#### [Task directions]
In the material below, pictures must be dropped. Repeat exactly, and only, the lines from the line with "Bleu foncé Star 'Nom' rond autocollant bleu" to the line with "根据西班牙甲级联赛官方消息周", both ends included.

#### [Extracted material]
----
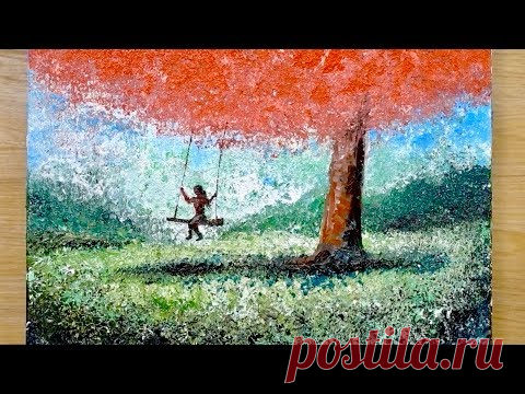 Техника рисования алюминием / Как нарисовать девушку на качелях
----
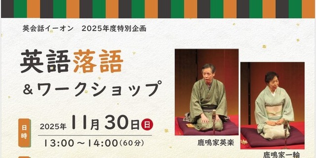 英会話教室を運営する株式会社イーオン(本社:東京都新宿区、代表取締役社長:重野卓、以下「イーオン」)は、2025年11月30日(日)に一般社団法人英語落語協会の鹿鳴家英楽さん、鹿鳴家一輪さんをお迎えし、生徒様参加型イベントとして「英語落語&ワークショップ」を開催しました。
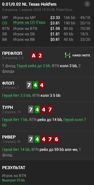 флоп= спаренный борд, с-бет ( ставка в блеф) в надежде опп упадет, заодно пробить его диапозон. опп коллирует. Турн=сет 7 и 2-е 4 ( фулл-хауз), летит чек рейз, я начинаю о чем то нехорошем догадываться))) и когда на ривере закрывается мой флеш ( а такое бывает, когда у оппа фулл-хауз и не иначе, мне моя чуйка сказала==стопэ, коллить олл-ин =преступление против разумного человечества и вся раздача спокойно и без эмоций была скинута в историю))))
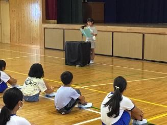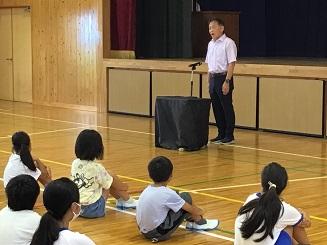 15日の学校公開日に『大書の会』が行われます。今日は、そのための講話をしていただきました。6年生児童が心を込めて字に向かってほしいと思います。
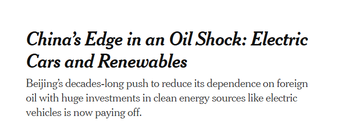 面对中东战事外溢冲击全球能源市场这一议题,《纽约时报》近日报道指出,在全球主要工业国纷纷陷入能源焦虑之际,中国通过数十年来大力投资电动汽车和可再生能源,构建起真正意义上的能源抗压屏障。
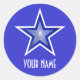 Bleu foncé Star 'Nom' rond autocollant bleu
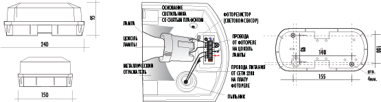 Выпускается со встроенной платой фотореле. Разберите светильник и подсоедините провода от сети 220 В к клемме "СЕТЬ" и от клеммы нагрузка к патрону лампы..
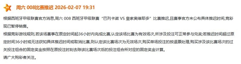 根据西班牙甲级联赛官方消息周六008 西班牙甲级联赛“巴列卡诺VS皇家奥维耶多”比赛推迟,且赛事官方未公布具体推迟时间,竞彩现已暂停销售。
----
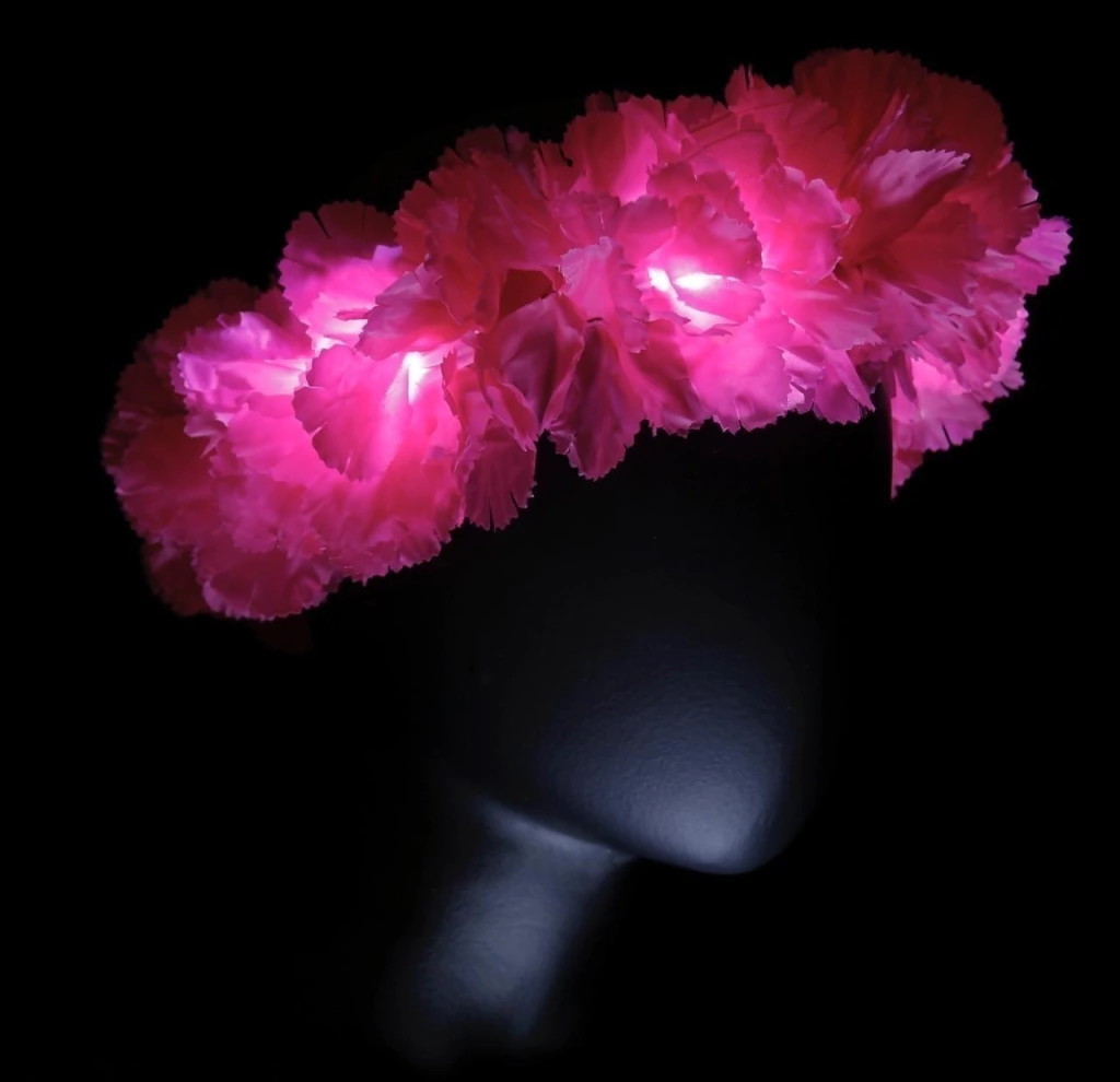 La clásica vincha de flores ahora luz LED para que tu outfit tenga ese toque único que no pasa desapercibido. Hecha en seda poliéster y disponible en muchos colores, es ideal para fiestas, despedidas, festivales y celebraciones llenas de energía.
----
#### [Result for this task]
 Bleu foncé Star 'Nom' rond autocollant bleu
 Выпускается со встроенной платой фотореле. Разберите светильник и подсоедините провода от сети 220 В к клемме "СЕТЬ" и от клеммы нагрузка к патрону лампы..
 根据西班牙甲级联赛官方消息周六008 西班牙甲级联赛“巴列卡诺VS皇家奥维耶多”比赛推迟,且赛事官方未公布具体推迟时间,竞彩现已暂停销售。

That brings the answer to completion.